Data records
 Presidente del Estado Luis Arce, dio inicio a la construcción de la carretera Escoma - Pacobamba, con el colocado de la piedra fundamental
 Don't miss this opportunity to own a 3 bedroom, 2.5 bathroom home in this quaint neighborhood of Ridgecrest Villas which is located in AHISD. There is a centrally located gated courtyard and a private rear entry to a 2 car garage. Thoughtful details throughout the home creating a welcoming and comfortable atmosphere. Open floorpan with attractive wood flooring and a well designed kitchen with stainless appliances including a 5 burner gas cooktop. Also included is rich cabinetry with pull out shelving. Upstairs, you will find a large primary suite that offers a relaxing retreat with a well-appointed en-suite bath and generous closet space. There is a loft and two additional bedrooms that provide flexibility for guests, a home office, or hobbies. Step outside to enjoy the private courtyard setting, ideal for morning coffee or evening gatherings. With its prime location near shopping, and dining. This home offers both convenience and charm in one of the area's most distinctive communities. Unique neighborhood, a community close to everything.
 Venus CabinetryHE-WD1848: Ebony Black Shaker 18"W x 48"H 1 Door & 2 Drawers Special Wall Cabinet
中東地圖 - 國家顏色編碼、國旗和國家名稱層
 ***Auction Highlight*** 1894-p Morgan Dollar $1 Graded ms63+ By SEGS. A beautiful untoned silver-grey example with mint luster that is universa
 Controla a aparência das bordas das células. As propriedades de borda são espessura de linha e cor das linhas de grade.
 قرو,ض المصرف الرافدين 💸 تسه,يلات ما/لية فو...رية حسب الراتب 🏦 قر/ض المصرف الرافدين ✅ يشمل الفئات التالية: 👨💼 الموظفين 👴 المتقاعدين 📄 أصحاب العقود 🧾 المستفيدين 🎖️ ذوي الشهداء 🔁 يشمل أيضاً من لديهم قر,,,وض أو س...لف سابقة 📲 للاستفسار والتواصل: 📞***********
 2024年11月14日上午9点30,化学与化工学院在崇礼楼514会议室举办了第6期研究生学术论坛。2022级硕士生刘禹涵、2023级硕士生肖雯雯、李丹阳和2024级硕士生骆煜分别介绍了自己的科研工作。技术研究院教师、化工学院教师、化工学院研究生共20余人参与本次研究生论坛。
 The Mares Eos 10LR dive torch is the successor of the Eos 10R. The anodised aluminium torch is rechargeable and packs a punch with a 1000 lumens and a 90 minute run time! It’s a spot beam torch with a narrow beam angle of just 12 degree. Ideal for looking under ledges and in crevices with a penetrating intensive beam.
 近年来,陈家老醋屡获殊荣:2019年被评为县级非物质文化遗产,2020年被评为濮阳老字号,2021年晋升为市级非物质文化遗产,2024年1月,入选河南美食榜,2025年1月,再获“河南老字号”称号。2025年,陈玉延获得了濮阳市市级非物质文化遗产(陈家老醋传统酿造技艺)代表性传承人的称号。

§ Task details: Copy the lines above exactly, beginning at the line containing "The Mares Eos" and stopping at the last line.

§ Reply to the task:
 The Mares Eos 10LR dive torch is the successor of the Eos 10R. The anodised aluminium torch is rechargeable and packs a punch with a 1000 lumens and a 90 minute run time! It’s a spot beam torch with a narrow beam angle of just 12 degree. Ideal for looking under ledges and in crevices with a penetrating intensive beam.
 近年来,陈家老醋屡获殊荣:2019年被评为县级非物质文化遗产,2020年被评为濮阳老字号,2021年晋升为市级非物质文化遗产,2024年1月,入选河南美食榜,2025年1月,再获“河南老字号”称号。2025年,陈玉延获得了濮阳市市级非物质文化遗产(陈家老醋传统酿造技艺)代表性传承人的称号。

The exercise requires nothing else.